Beat the butter and sugar together until light and fluffy, scraping down the sides of the bowl to ensure all the butter is well blended.
½ cup butter, ½ cup sugar, ½ cup brown sugar
Add the peanut butter and beat until combined.
1 cup smooth peanut butter
Add the vanilla and egg and blend again until smooth.
1 ½ teaspoons vanilla extract, 1 egg
Add The flour, baking soda, and salt and stir together slowly until all of the ingredients are blended together. Do not over mix or the cookies will be tough. Stop mixing once you see no flour streaks and the dough is nice and thick.
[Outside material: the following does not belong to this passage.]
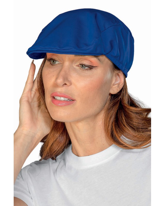 Coppola regolabile tramite velcro e visiera rigida blu cina. Per il settore alberghiero e ristorazione. Divisa lavoro per cuoco, bar, pub, ristoranti, negozi alimentari e cucine. Usata in cucina in alternativa alla bustina, alla cuffia o al cappello. Poliestere Cotone. Peso: 195 Gr/m². Composizione: 65% Poliestere 35% Cotone

1 ½ cups flour, 1 teaspoon baking soda, ¼ teaspoon salt
Use a cookie scoop or a tablespoon to make cookie dough balls that are about 1 ½ inches in size. Place the cookies on the prepared sheet tray with about 1 ½ inches between each one.
Use your palm to flatten the cookies slightly then use your thumb or the back of a measuring spoon to press a circular indent into the center of the cookie. Only indent the cookie about halfway down, do not press all the way through to the tray.
Add the jam to a piping bag and cut a small hole in the tip of the bag. Fill the indent of each cookie with about ½ teaspoon of the jam. You can also simply spoon the jam into the center of each cookie but I find the piping bag works well.
½ cup seedless jam
Bake the cookies for about 12-14 minutes. The edges of the cookies will be very slightly browned. You do not want to underbake these cookies or they will fall apart from the weight of the jam. Those edges need to be browned!
Let the cookies cool on the pan for 10 minutes then enjoy!